Posted by m463 4 days ago

FSF statement on copyright infringement lawsuit Bartz v. Anthropic(www.fsf.org)
211 points | 104 commentspage 2
psychoslave 11 hours ago|
How dare they? Defending freedom of these filthy people and dignity of authors against these nice familiar corporations!

The rephrased¹ title "FSF Threatens Anthropic over Infringed Copyright: Share Your LLMs Free" certainly doesn’t dramatise enough how odious an act it can be.

¹ Original title is "The FSF doesn't usually sue for copyright infringement, but when we do, we settle for freedom"

rvz 13 hours ago||
> Among the works we hold copyrights over is Sam Williams and Richard Stallman's Free as in freedom: Richard Stallman's crusade for free software, which was found in datasets used by Anthropic as training inputs for their LLMs.

This is the reason why AI companies won't let anyone inspect which content was in the training set. It turns out the suspicions from many copyright holders (including the FSF) was true (of course).

Anthropic and others will never admit it, hence why they wanted to settle and not risk going to trial. AI boosters obviously will continue to gaslight copyright holders to believe nonsense like: "It only scraped the links, so AI didn't directly train on your content!", or "AI can't see like humans, it only see numbers, binary or digits" or "AI didn't reproduce exactly 100% of the content just like humans do when tracing from memory!".

They will not share the data-set used to train Claude, even if it was trained on AGPLv3 code.

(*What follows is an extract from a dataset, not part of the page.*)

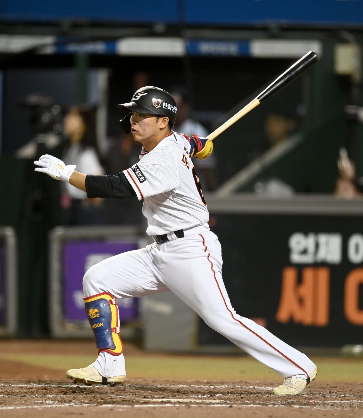 20일 대전 한화생명이글스파크에서 ‘2023 신한은행 SOL KBO리그’ KIA 타이거즈와 한화 이글스 경기가 열렸다. 9회말 무사 1루 한화 문현빈이 중전 안타를 치고 있다.

impossiblefork 10 hours ago||
There's already legal requirements in the EU that you must publish what goes into your training set. This information must apparently be publshed before the august 2 next year.
ronsor 3 hours ago||
Guess the solution is to not do it and simply pay fines (or not pay fines, if you don't have any EU operations).
impossiblefork 30 minutes ago||
Yes, unfortunately. I don't really understand this obsession with regulations that involve fines. One would think that people would have the courage to make laws that either ban things or don't.

I think the fines will effectively be mandatory though, even with no obvious EU operations.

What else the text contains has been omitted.